There is weight talk in this post. If you don't want to read about someone who has issues with their weight, skip this post. Thanks.

I had a weird moment last night when I was playing around with FaceTime. I like to look at myself on camera every now and then to get an idea of my best angles, to pull faces and the like. I stood up and adjusted my pants. My belly had a line on it from my high waisted underwear digging into the flesh just like my mother's belly. Hers is seemingly permanent from wearing those underwear and having a large belly for so many years. It scared the shit out of me.

I hadn't really noticed my weight creeping up. It takes a long time for me to put on weight. I've slowly gained about 40 pounds over the course of 6 years. A few months ago a button popped off of a dress that had been loose only a year earlier. I decided I was going to lose weight then and I got to the point where the dress fit again...then I got lazy and stopped. That button is pulling again.
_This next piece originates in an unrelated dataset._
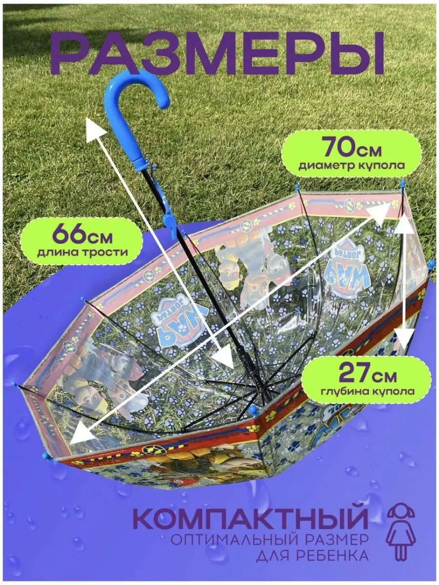 Описание: Яркий зонт с мультяшными персонажами надежно защитит ваше любимое чадо в непогоду и порадует дизайном. Ведь с любимыми героями намного веселее шагать по лужам! Зонт отличается простотой модели, прочностью спиц, ветроустойчивым куполом. Прозрачный дизайн- идеален для наилучшего обзора. Предложите вашему ребенку самостоятельно выбрать зонт с приглянувшимся принтом. Ищете идеальный подарок для детского дня рождения или просто желаете порадовать своего любимого малыша? Тогда обратите внимание на этот зонт детский трость для девочек и мальчиков! Этот складной зонт станет надежным защитником от холодного дождя и сильного ветра благодаря своей конструкции антиветер. Детский зонтик легко складывается , а свисток который идет в комплекте порадует вашего ребенка. Дизайн зонта выполнен с использованием ярких и прозрачных материалов, а также любимых мультяшных персонажей – Леди Баг Молния Маквин Холодное сердце Анна Эльза Щенячий Патруль Скай Эверест Маршал, Крепыш Гонщик и другие. Яркий красочный надежный зонт станет любимым аксессуаром вашего чада. Зонт детский трость для девочек и мальчиков подойдет как для маленьких детей, так и для подростков. Идеальный выбор для дня рождения, подарок будет не только полезным, но и стильным. Объедините любимые герои вашего ребенка в едином ярком дизайне и подарите ему новый, любимый зонтик! Диаметр купола 74 см для детей от 2 до 7 лет . Зонт детский Единорог единорожка радужный трость детский для девочки диаметр купола 86 см для детей от 5 лет и подростков. Разноцветный зонт с прозрачным куполом имеет систему полуавтомат, а 8 прочных спиц выдержат любой сильный дождь, принесет радость вашему ребенку. Уважаемые покупатели, обращаем ваше внимание, что в некоторых моделях зонтов свисток отсутствует!! Смотрите внимательно ФОТО.

My first 'oh my god, my weight has gotten away with me' watershed moment was when my boyfriend at the time remarked that I'd gained some weight. He didn't mind at all (he liked 'thick' women) but the comment sent me reeling and running to the gym. I lost about 30 pounds over the next 8 weeks by working up to exercising about an hour and a half a day. I voraciously ate good, healthy food. Salads full of vegetables and grilled chicken. It was easy because it was college. All of the food was prepared for me and the gym was 'free' with my tuition. My boyfriend at the time played basketball for the school team. He worked out 5-6 hours daily at practices. I felt lazy in comparison.

Now I'm about 4 years out of college. I'm living at home with a parent who can't stick to a diet or an exercise plan. Any time I try to exercise when she's home, she harangues me nonstop about what I'm doing. If I try to make healthy food for the week, she plows through it in 2 days because she eats ridiculous portions.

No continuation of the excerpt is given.